The financial burden associated with discrimination lawsuits forced employers to implement remedial plans (affirmative action plans), out of fear of noncompliance of TitleVII that ultimately have had the same adverse effects on social equity, yet in a different context.

In Wygant v. Jackson Board of Education, (476 U.S. 293)(1981) the Supreme Court took into account the harmful effects suffered by whites from government policies designed to serve the permissible purpose of redressing the continuing effects of past racial discrimination are constitutionally significant inequities that can be justified only by “compelling” state interests. (Chang 1)

This case dealt with layoff procedures in a public school system during the height of affirmative action. An important aspect of this case was that there had been prior racial discrimination lawsuits litigated in 1976 and again in 1979, Jackson Education Assn. v. Board of Education (Jackson I and Jackson II, respectively). The Board of Education relied upon these cases as proof of past misconduct and racial discrimination in order to validate their current remedial attempts. Nonetheless, the court decided that ultimately, two wrongs do not make a right.

The layoff policy was as such that tenured nonminority faculty members were being laid off while minority faculty members (some of whom were still classified in a probationary status) were retained in order to fulfill remedial requirements. The court found that this policy was in violation of the Equal Protection Clause because the classification for layoff purposes was based solely on race. Specifically, white teachers with seniority had been laid off in order to retain black teachers simply because of their race.

The resulting effect was an increased awareness of the “strict scrutiny” standard as it relates to the constitutionality of affirmative action plans. Validation of these plans has become crucial with respect to all aspects of employment, especially hiring, promotion, and terminations. Statistical analysis proving under representation in the workplace and a documented history of the disparate treatment of a protected class are the key elements of a validated affirmative action plan. Without these key components, an affirmative action plan can be ruled in violation of the Equal Protection Clause (as has been demonstrated by this case and many others, especially in police and fire positions) and ultimately unconstitutional, which opens all employers (public especially) to a wide array of lawsuits.

In Dallas, TX, the fifth circuit struck down the city’s affirmative action plan for the fire department when white and Native American male firefighters sued for being passed over for promotions.

The affirmative action plan called for promoting back, Hispanic, and female firefighters ahead of those others who had scored higher on examinations. The only evidence of racial discrimination to justify the affirmative action plan was a 1976 consent decree between the city and the U.S. Justice Department and a statistical analysis showing that minorities had been underrepresented in higher ranks. Given the minimal evidence of discrimination, the court held the plan to be invalid. (Champagne 1)

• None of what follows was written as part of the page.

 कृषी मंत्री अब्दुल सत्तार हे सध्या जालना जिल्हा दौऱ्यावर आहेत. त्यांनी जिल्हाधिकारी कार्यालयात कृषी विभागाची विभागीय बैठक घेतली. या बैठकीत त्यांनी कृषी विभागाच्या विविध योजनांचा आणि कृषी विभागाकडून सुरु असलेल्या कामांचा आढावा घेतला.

The state of California has passed Proposition 209, which prohibits the state from using racial or gender preferences in public employment, public education, or public contracting. The legality of this proposition was tested in the ninth circuit court of appeals by The Coalition for Economic Equity in 1997. The lawsuit was dismissed in 1998 and the court held that Proposition 209 did not violate the Equal Protection Clause of the United States Constitution and is not prohibited by Title VII. (Champagne 1)

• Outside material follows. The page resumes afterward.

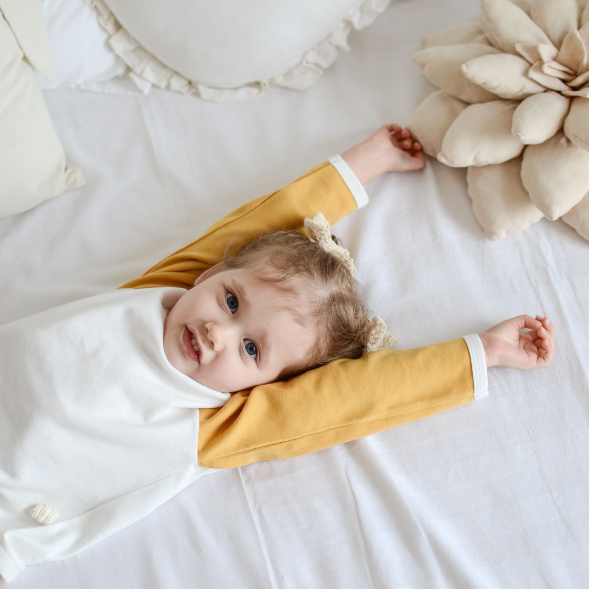 Материал - 100% хлопок, гипоаллергенный, нежный, хорошо пропускает воздух, не раздражает нежную кожу ребёнка.

The Legal Debate: Title VII Lawsuits

Generally when one hears “Title VII” and “lawsuit” in the same sentence the thought of discrimination against a protected class comes to mind. This is not so much the case anymore. As of 1996, reverse discrimination in federal employment comprised 20% of the Equal Employment Opportunity Commission’s caseload. (Discrimination at the Opportunity Commission, 1)

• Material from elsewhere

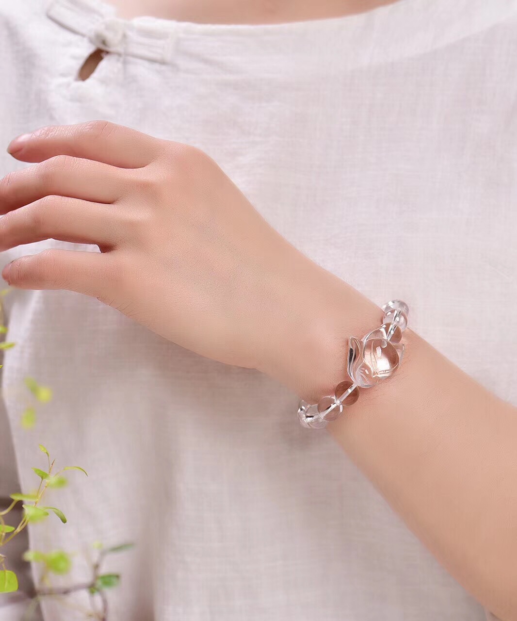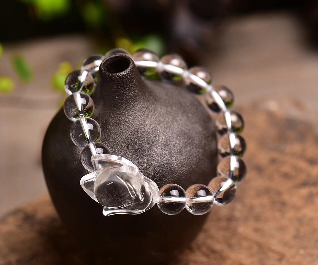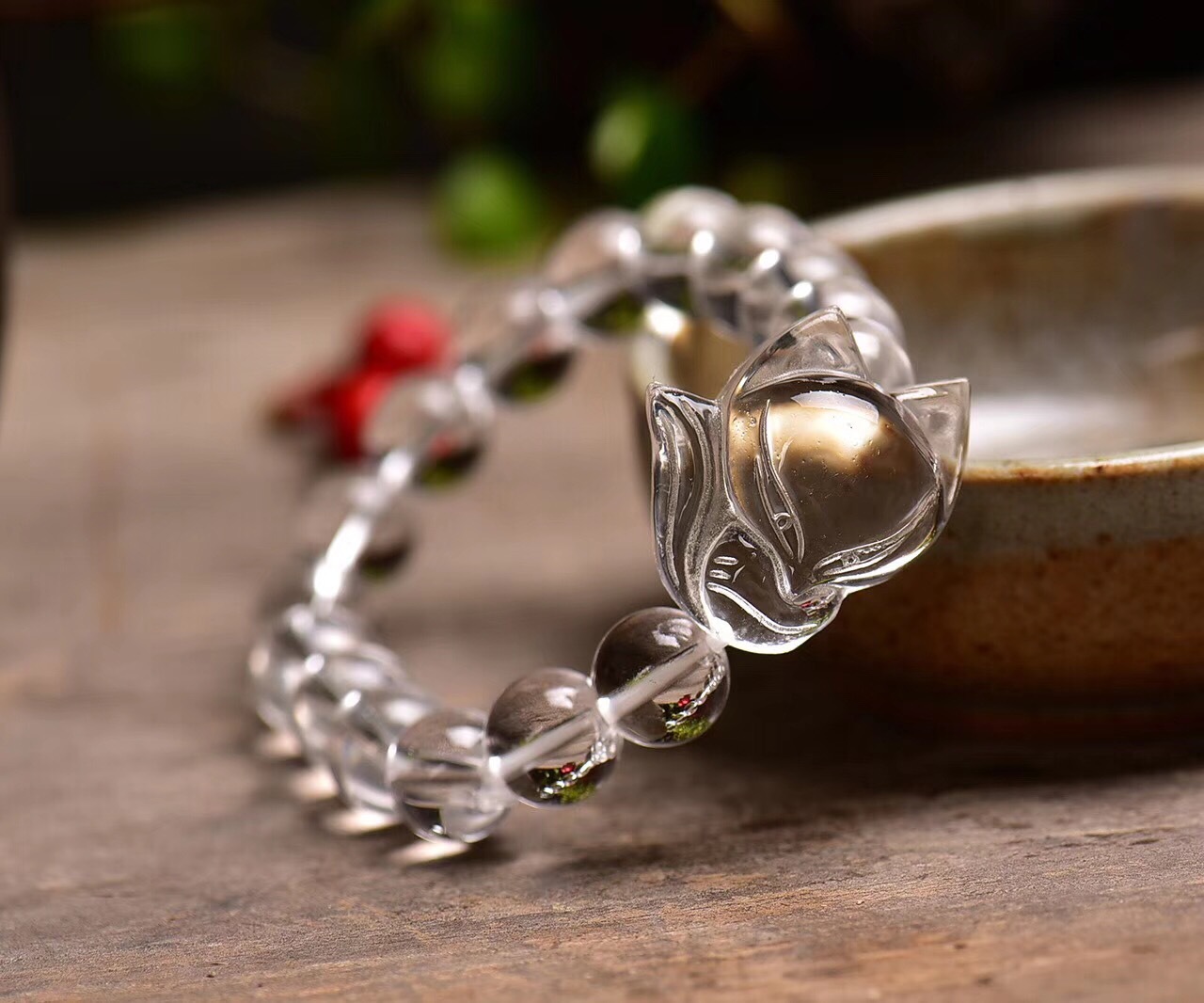 【天然冰透白水晶】【萌狐配飾】收藏級天然白水晶手鍊搭配狐狸萌狐配飾氣質清心女手串手鍊

The EEOC. The most ironic of cases deals with the EEOC itself. Joseph Ray Terry, a civil rights attorney employed by the Commission won a lawsuit against them in 1996 for unlawful employment discrimination with respect to promotions. Terry claimed that he had been passed over for various promotions over an eight-year time period due to his race and gender (white, male). He was a graduate of the EEOC’s candidate development program that was designed to provide the necessary skills for upper-management positions and was well qualified for all of the positions that he had sought to be promoted. However, these positions repeatedly had been filled by less qualified minorities. The Judge ordered the EEOC to pay Mr. Terry $150,000 in damages, and over $8,000 for stress. The amount ordered in back pay was not disclosed. The EEOC was also ordered to promote him to the position of deputy general counsel for which he had been applying. (Reverse Discrimination Case Against EEOC, 2)

According the EEOC’s own 1995 annual report, almost 50% of white-collar jobs within the organization are held by African-Americans, even though they comprise less than 10% of the civilian work force. Additionally, the percentage of Hispanics employed at the EEOC was 200% of the percentage of Hispanics in the civilian work force. “If the EEOC were a private employer, the racial makeup of its workforce would set off alarm bells,” says Clint Bolick, an attorney who worked on the staff of an EEOC commissioner during the eighties and heads the Institute for Justice, a Washington public-interest legal group. (Berleau, 36)

The GAO (General Accounting Office). The U.S. General Accounting Office is the audit and investigative arm of Congress. It employs over 2,000 evaluators and its annual budget is close to $400 million. “It is one of the most powerful agencies in the federal government. Its personnel policies serve as the de facto model for the entire federal government.” (Judge Orders Trial for Diersen’s Reverse and Age Discrimination Claims After Evidence of GAO’s Continuing Retaliation is Presented, 1)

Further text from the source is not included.